### Exercise requirements
Please reproduce all the data exactly as written and omit the pictures.

### Data provided
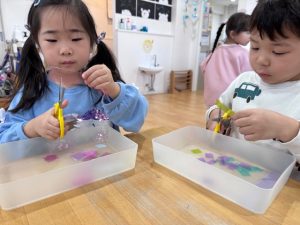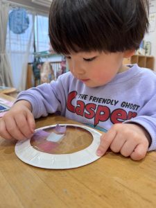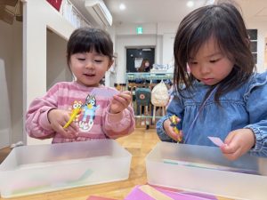 セロハンなので少し切りにくかったのですが、大きく刃を開いて切ると切りやすいということを発見して嬉しそうに報告してくれるお子様もいました👏✨
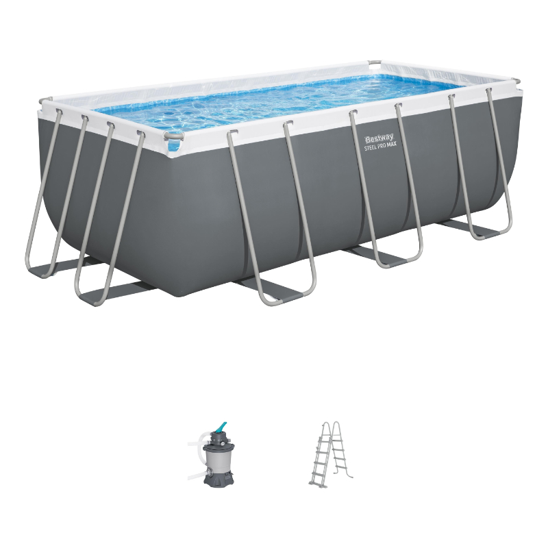 This Bestway Steel Pro Max Rectangular Frame Pool Set includes a powerful sand filter to keep your water clean and sparkling (sand not included). There is also a ladder for easy and safe access to the pool. A self-adhesive repair patch is also included to quickly repair minor damage.
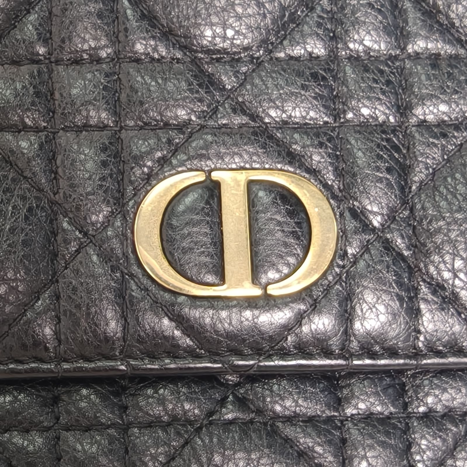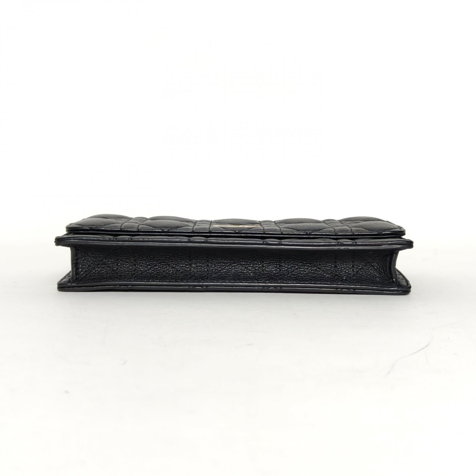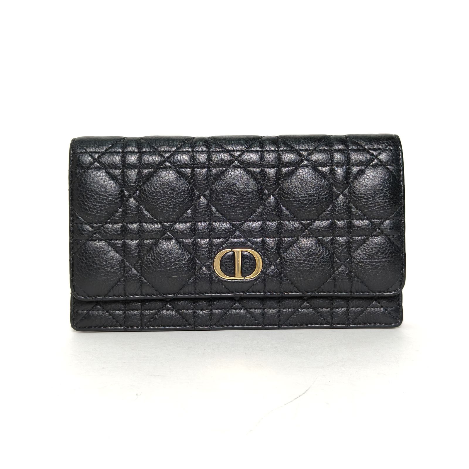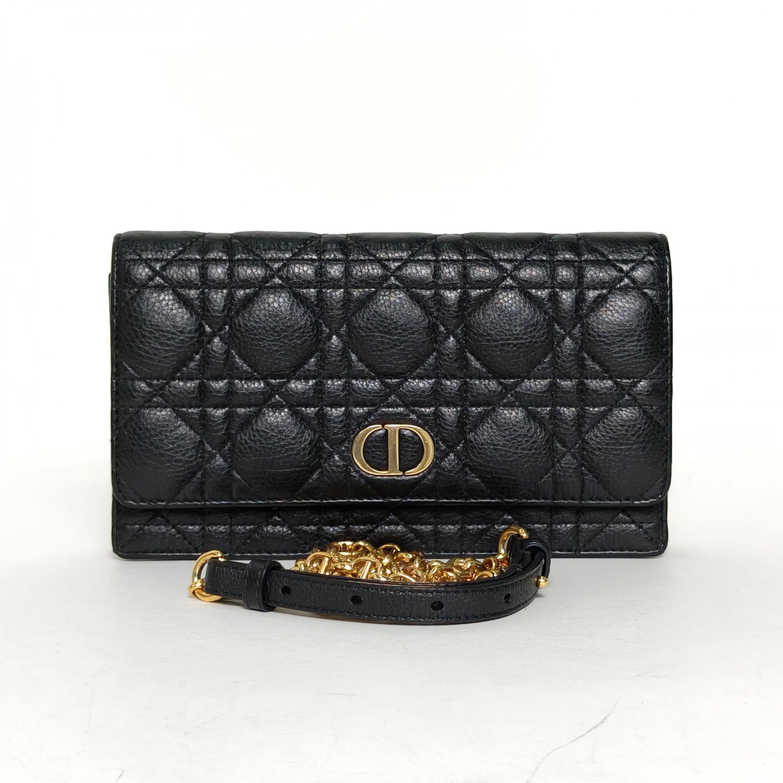 This Chanel Caro chain WOC is crafted from black leather with gold-tone hardware, featuring a quilted pattern and interlocking CD clasp.

### Finished exercise
 セロハンなので少し切りにくかったのですが、大きく刃を開いて切ると切りやすいということを発見して嬉しそうに報告してくれるお子様もいました👏✨
 This Bestway Steel Pro Max Rectangular Frame Pool Set includes a powerful sand filter to keep your water clean and sparkling (sand not included). There is also a ladder for easy and safe access to the pool. A self-adhesive repair patch is also included to quickly repair minor damage.
 This Chanel Caro chain WOC is crafted from black leather with gold-tone hardware, featuring a quilted pattern and interlocking CD clasp.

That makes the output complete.